Lunar City, il documentario di Alessandra Bonavina disponibile nelle sale dal 17 al 19 febbraio distribuito da Vision Distribution, omaggia il cinquantenario dello sbarco sulla luna di Neil Armstrong e della missione Apollo 11, consumatosi il 20 luglio del 1969. A partire da quel piccolo passo per l’uomo rivelatosi un grande passo per l’umanità, la tecnologia ha alzato l’asticella delle proprie possibilità, arrivando a rendere concrete sfide un tempo inimmaginabili e aprendo così alla scienza nuovi orizzonti e prospettive.

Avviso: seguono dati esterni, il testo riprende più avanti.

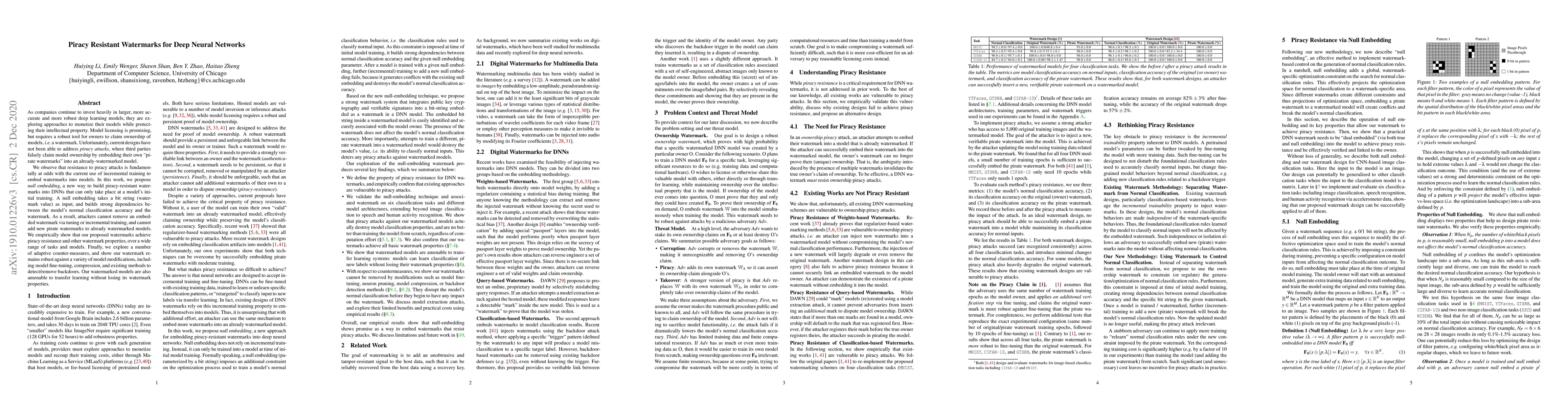 This paper proposes "null embedding," a novel method to create piracy-resistant watermarks in deep neural networks (DNNs) that can only be embedded during initial training. This approach ensures that watermarks cannot be removed or replaced through incremental training, providing robust protection against piracy attacks.

Il docu-film si fa carico di evidenziare queste accelerazioni supersoniche tornando a parlare della corsa allo spazio come di un fattore di progresso che gli scienziati contemporanei vedono come un tassello fondamentale per la ricerca e la cooperazione internazionale: non più uno scenario all’insegna della competizione tra mega-potenze rivali, come fu durante la Guerra Fredda, ma un avamposto che tenda di comune accordo verso un futuro condiviso e un’alternativa potenziale alla vita sulla Terra, sempre più sovrappopolata e vessata dal cambiamento climatico.
Fin dalle prime battute del documentario viene posto l’accento sulle differenze sostanziali tra Marte e la luna, su come essa rappresenti una fonte di conoscenza inesauribile essendo la sua atmosfera e la relativa idrosfera rimaste immutate da un milioni di anni. La luna ci viene presentata, in sostanza, come una sorta di grande magazzino della Terra, un catalogo di informazioni al quale fare ritorno per apprendere ulteriori, preziosi particolari sul nostro pianeta e non solo.

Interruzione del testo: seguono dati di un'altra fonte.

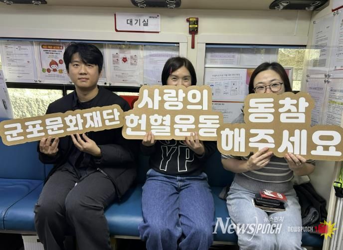 뉴스펀치 김길룡 기자 | 군포문화재단은 임직원들이 지난 11월 7일 ‘사랑의 헌혈운동’을 끝으로 2025년 한 해 동안 총 세 차례에 걸쳐 헌혈운동을 실시하며 지역사회 나눔을 실천했다고 밝혔다.

Secondo molti degli scienziati interpellati all’interno di Lunar City, che alterna immagini d’impatto spettacolare a svariate interviste a tecnici del settore, un ritorno dell’essere umano sul suolo lunare è realizzabile entro il 2024, stando all’attuale stato di avanzamento dei lavori in cantiere per un nuovo allunaggio. In questo caso, però, gli sforzi si orienterebbero sulla costruzione di una stazione spaziale cislunare che consenta agli astronauti di esplorare lo spazio circostante in maniera più approfondita e dettagliata, andando oltre l’iniziale, primitivo sbarco sulla luna e ampliando così le proprie nozioni sull’universo che circonda la luna.
L’allunaggio è stato raccontato molte volte dal cinema, fino al più recente film di Damien Chazelle con Ryan Gosling su Neil Armstrong, First Man, ma l’obiettivo di Lunar City, sostenuto anche dalla ASI (Agenza Spaziale Italiana), è prendere per mano lo spettatore conducendolo nel backstage dell’attività degli uomini e delle donne di scienza che si dedicano quotidianamente a sondare lo spazio, i suoi misteri e e le sue ignote e siderali profondità. Quella per la luna è poi una fascinazione senza tempo, alla quale forse nessuna delle arti figurative si è mai sottratta, ma il doc di Alessandra Bonavina, pur partendo dalla medesima attrattiva, ha soprattutto la volontà di allargare il bacino d’utenza delle informazioni tecniche più minuziose proponendole a un più vasto pubblico e sottoponendole agli occhi e alle orecchie di quanti probabilmente non metteranno mai piede nella NASA in vita loro.